Treating Venous Thromboembolism in Patients With Cancer

Caroline Piatek; Casey L O'Connell; Howard A Liebman


Expert Rev Hematol. 2012;5(2):201-209. 

In This Article

Abstract and Introduction


Venous thromboembolism (VTE) is a major cause of morbidity and mortality among patients with cancer. Although much is known about the factors that contribute to VTE risk, pre-emptive therapy in high-risk populations is clearly indicated in only a few clinical situations. Low-molecular-weight heparin is still the recommended class of anticoagulants for cancer-associated VTE. Management of VTE in patients with renal failure, hemorrhagic brain metastases, thrombocytopenia and coagulopathy remains challenging with few safe and effective alternatives. Novel oral agents are currently being investigated and may play a role in the future in the treatment of cancer-associated VTE.

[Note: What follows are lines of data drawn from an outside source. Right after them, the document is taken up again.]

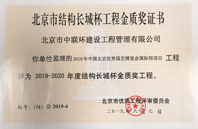 熱烈祝賀公司監(jiān)理的“2019年中國北京世界園藝博覽會國際館項目”和“北京市冰上項目訓(xùn)練基地1標(biāo)段(綜合館)”工程評為2019-2020年度結(jié)構(gòu)長城杯金質(zhì)獎工程。
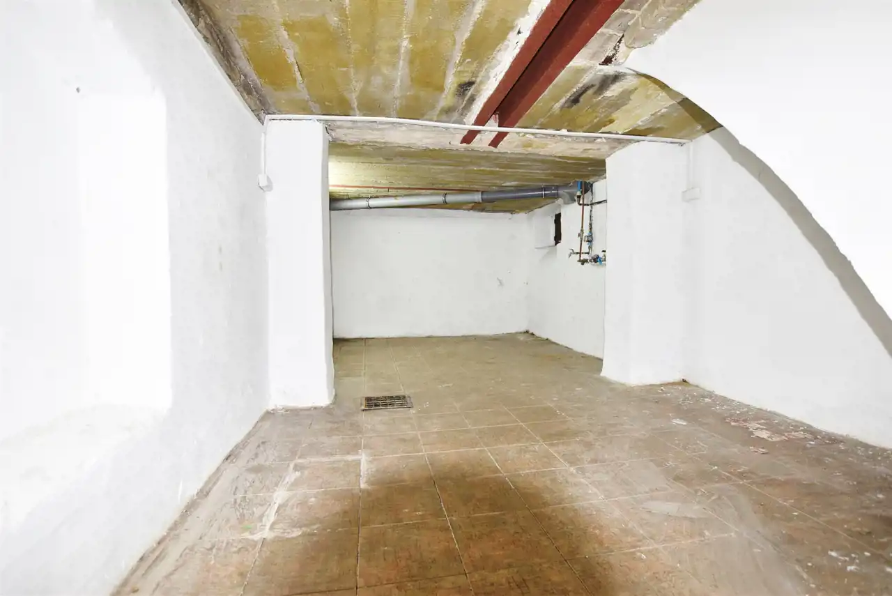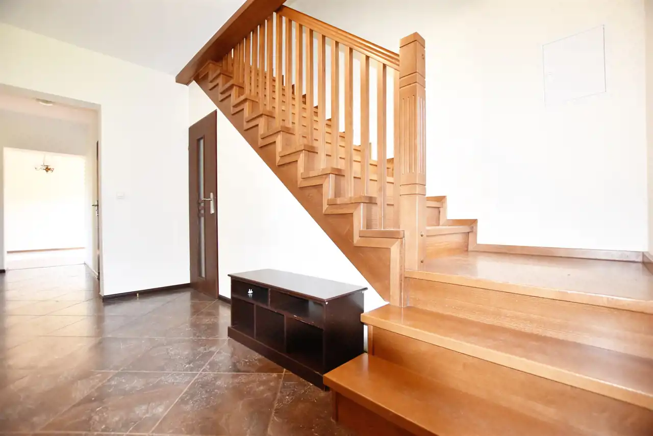 widny korytarz z klatką schodową - wejście na piętro (schody jesionowe w bardzo dobrym stanie) oraz z zejściem do piwnicy. Piwnica z oknem z kratą, na podłodze płytki;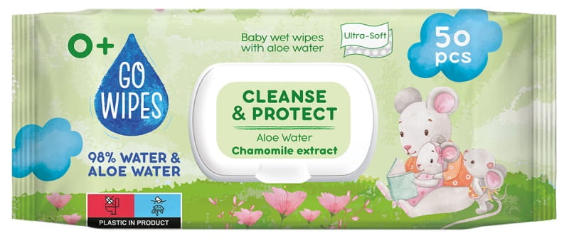 Chusteczki nawilżane dla dzieci z aloesem i rumiankiem GoWipes, 50 sztuk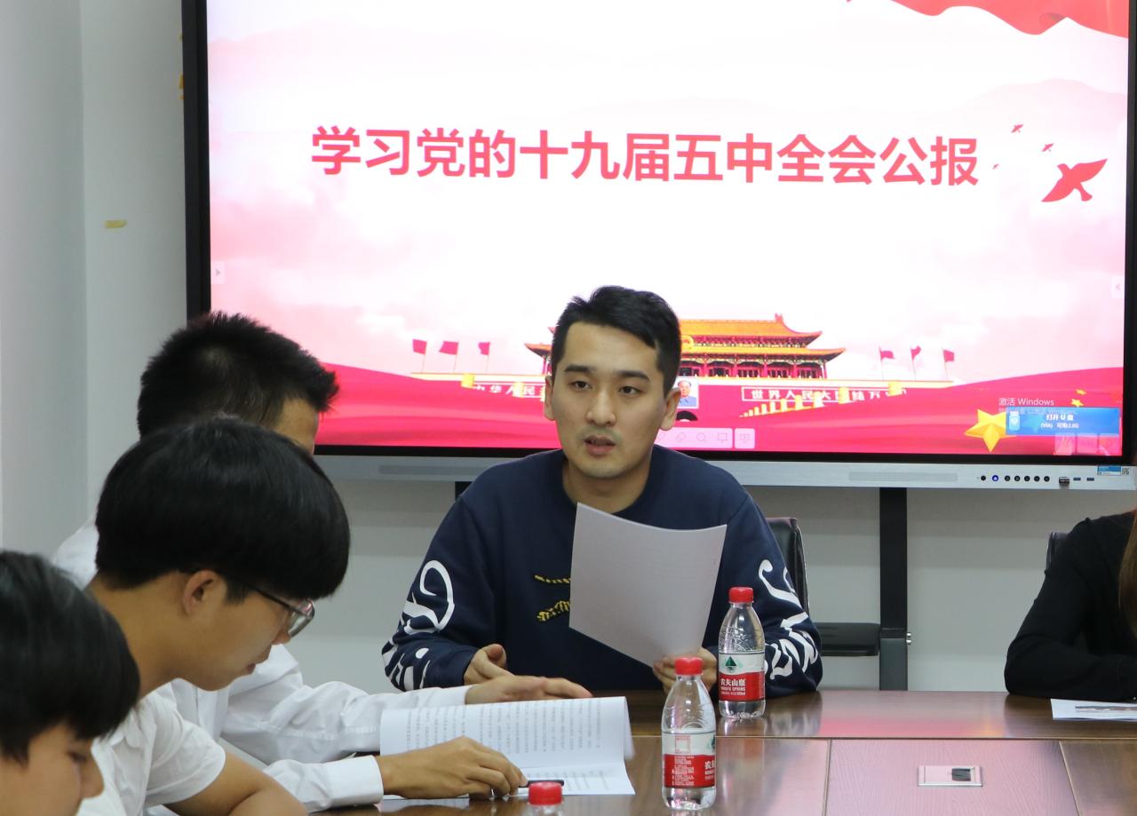 会议伊始,团委书记王曦带领员工组织成员阅读学习十九届五中全会公报。他指出,党的十九届五中全会是在我国将进入新发展阶段、实现中华民族伟大复兴正处在关键时期召开的一次具有全局性、历史性意义的重要会议。他强调,公司师生群体要精准落实全会精神,员工干部要起好带头作用,做好宣传学习工作,按照中央以及教育部有关文件精神,迅速在全院范围内,通过组织开展员工干部内部学习会议,全体员工团支部书记交流会议,以班级为单位的班级学习会议等全面系统地学习传达全会精神,同时在员工党员培训活动中安排专题学习,做到全面系统学、联系实际学,用心学进去、用情讲出来、用力做起来。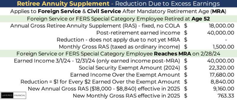 Once you hit your MRA, your RAS can be reduced or even completely eliminated depending on your earned income above the Social Security exempt amount, which for 2024 is $22,320. For every $2 you earn, the RAS is reduced by $1. This earnings test applies to everyone who reaches MRA, regardless of whether you’re Foreign Service or Civil Service. This reduction is only for your RAS, not your pension.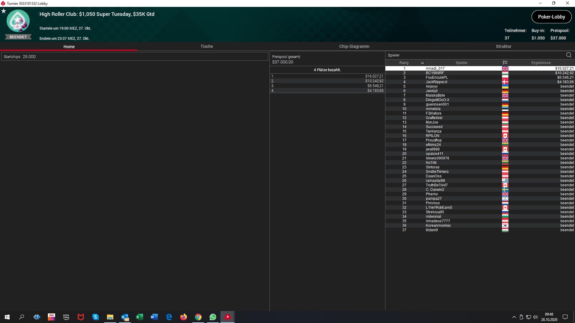 Einen weiteren Sieg für unsere Jungs gab es beim $215 Fat Tuesday. Hier gab es einen Heads-Up Deal und der Deutsche „kackvogel84“ durfte sich über den offiziellen Sieg und $4.069 freuen. Ebenfalls an den Final Table schafften es, „ToBzn92“ (GER – Platz 4 – $1.962) und „S’KCEBtm“ (GER – Platz 8 – $654).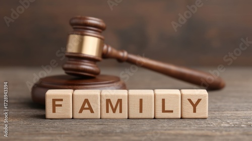 Family Concept with Wooden Letters and Gavel on a Table, Symbolizing Legal Matters, Relationship, and Family Law in a Courtroom Setting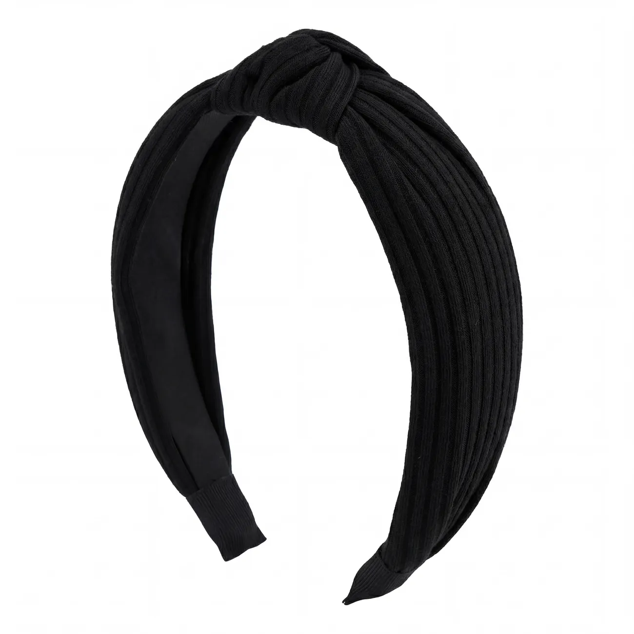 Klassikaline must peavõru, mis on valmistatud tekstuurse kangaga ja kaunistatud sõlmdetailiga.

Venous thromboembolism (VTE) is a complex and common complication of cancer and its treatment.[1,2] VTE affects up to 20% of cancer patients and is one of the major causes of death in these patients.[3] Compared with VTE in patients without cancer, cancer-associated VTE is associated with higher rates of recurrence, bleeding complications associated with anticoagulation therapy and mortality.[3,4] Patients with cancer-associated thrombosis are more likely to have advanced disease and poor prognosis, suggesting that VTE is a marker of more aggressive disease.[5]